**EXERCISE REQUIREMENTS:** When writing out the entries below, keep only the lines from the line with "PCIeX16 에서 4" to the line with "塑料壳体注塑模具设计图纸-一", both included, exactly as they are, and leave the pictures aside.

DATASET Start Marker

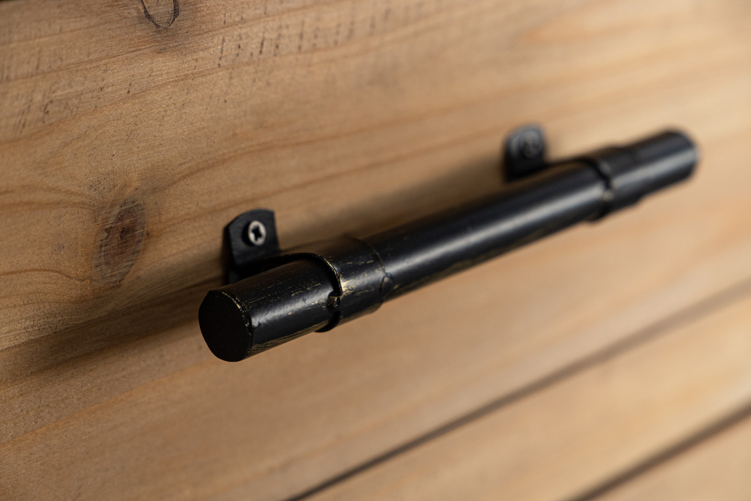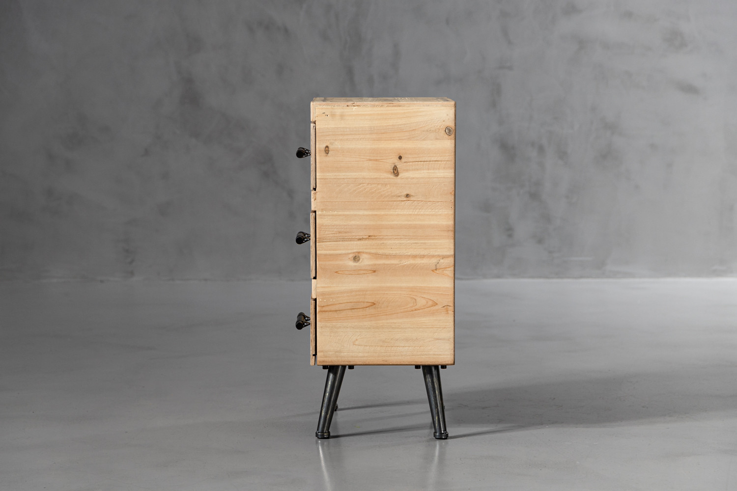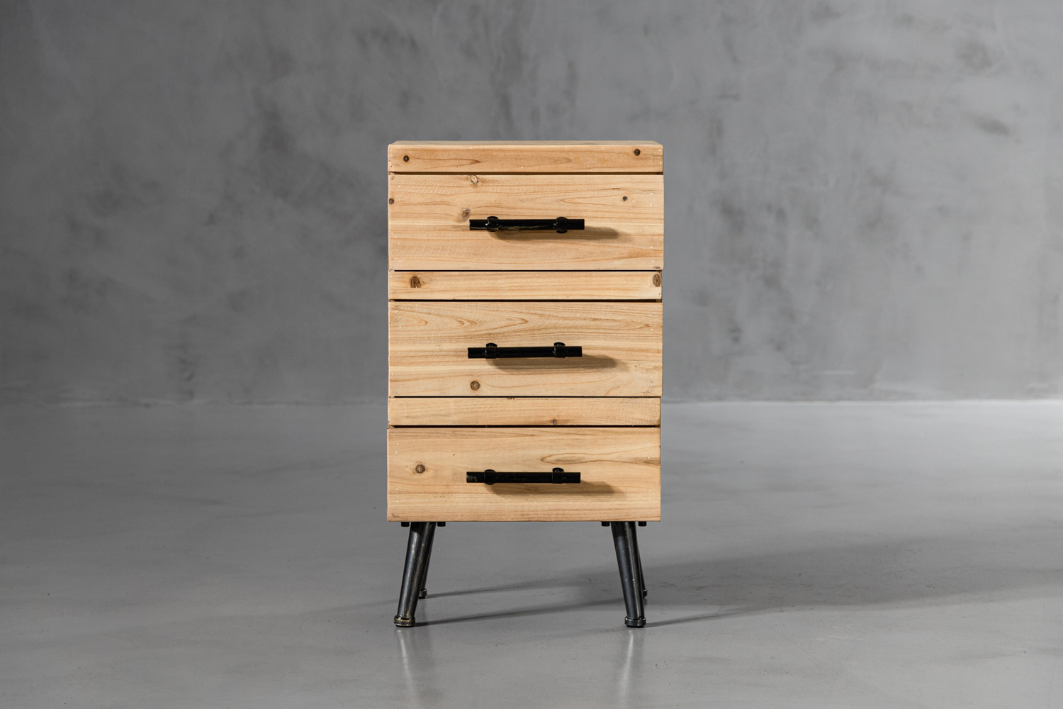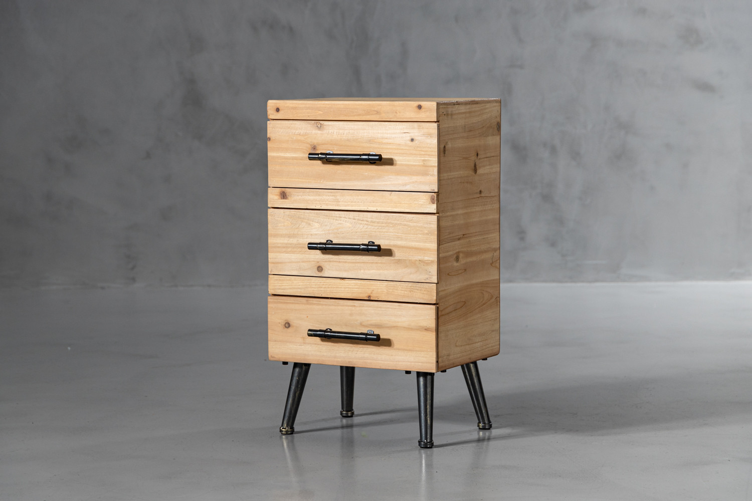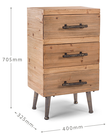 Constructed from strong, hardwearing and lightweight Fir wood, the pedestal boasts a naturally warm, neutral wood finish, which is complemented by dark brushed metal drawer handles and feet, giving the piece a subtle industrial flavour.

DATASET End Marker
DATASET Start Marker

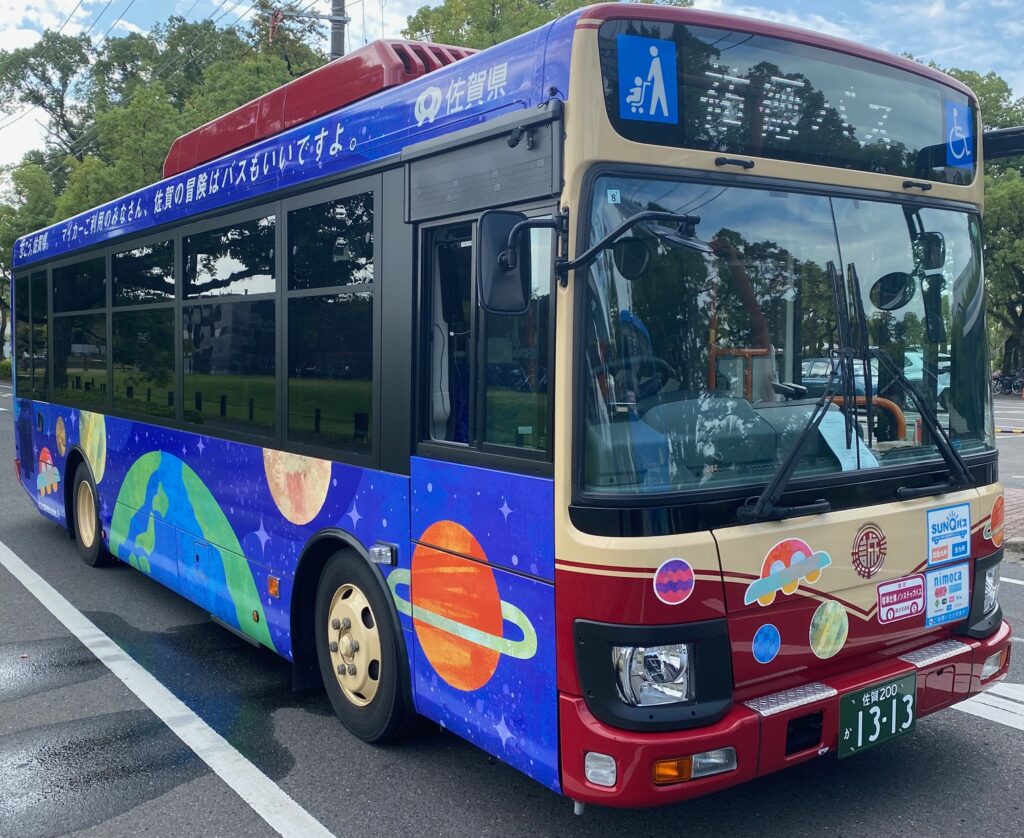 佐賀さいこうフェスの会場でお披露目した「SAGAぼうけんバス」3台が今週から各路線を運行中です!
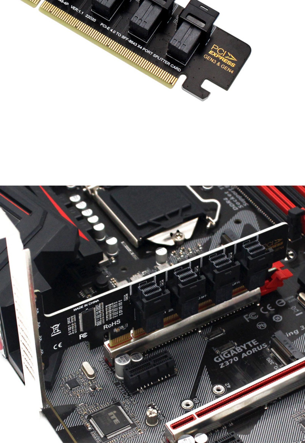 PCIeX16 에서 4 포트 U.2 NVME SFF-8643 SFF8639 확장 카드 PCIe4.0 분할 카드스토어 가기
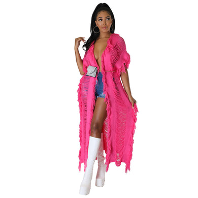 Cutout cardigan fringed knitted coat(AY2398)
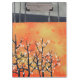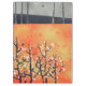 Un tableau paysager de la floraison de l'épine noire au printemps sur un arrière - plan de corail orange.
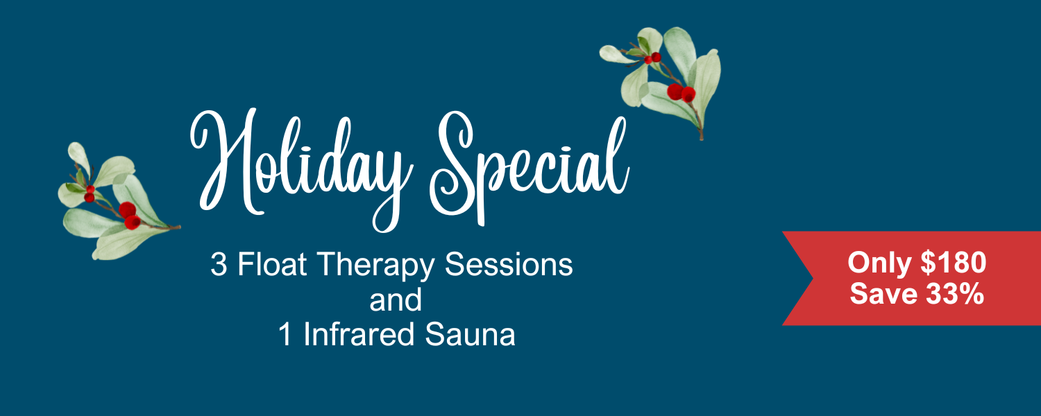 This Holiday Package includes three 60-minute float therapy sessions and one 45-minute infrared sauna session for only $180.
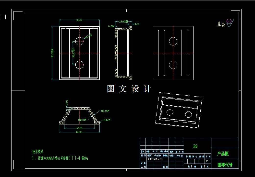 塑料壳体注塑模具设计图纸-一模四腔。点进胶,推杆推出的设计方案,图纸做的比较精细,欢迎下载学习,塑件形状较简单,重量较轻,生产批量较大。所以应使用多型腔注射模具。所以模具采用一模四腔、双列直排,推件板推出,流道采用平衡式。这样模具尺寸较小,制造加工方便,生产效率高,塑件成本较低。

DATASET End Marker

**RESPONSE FOR THIS EXERCISE:**
 PCIeX16 에서 4 포트 U.2 NVME SFF-8643 SFF8639 확장 카드 PCIe4.0 분할 카드스토어 가기
 Cutout cardigan fringed knitted coat(AY2398)
 Un tableau paysager de la floraison de l'épine noire au printemps sur un arrière - plan de corail orange.
 This Holiday Package includes three 60-minute float therapy sessions and one 45-minute infrared sauna session for only $180.
 塑料壳体注塑模具设计图纸-一模四腔。点进胶,推杆推出的设计方案,图纸做的比较精细,欢迎下载学习,塑件形状较简单,重量较轻,生产批量较大。所以应使用多型腔注射模具。所以模具采用一模四腔、双列直排,推件板推出,流道采用平衡式。这样模具尺寸较小,制造加工方便,生产效率高,塑件成本较低。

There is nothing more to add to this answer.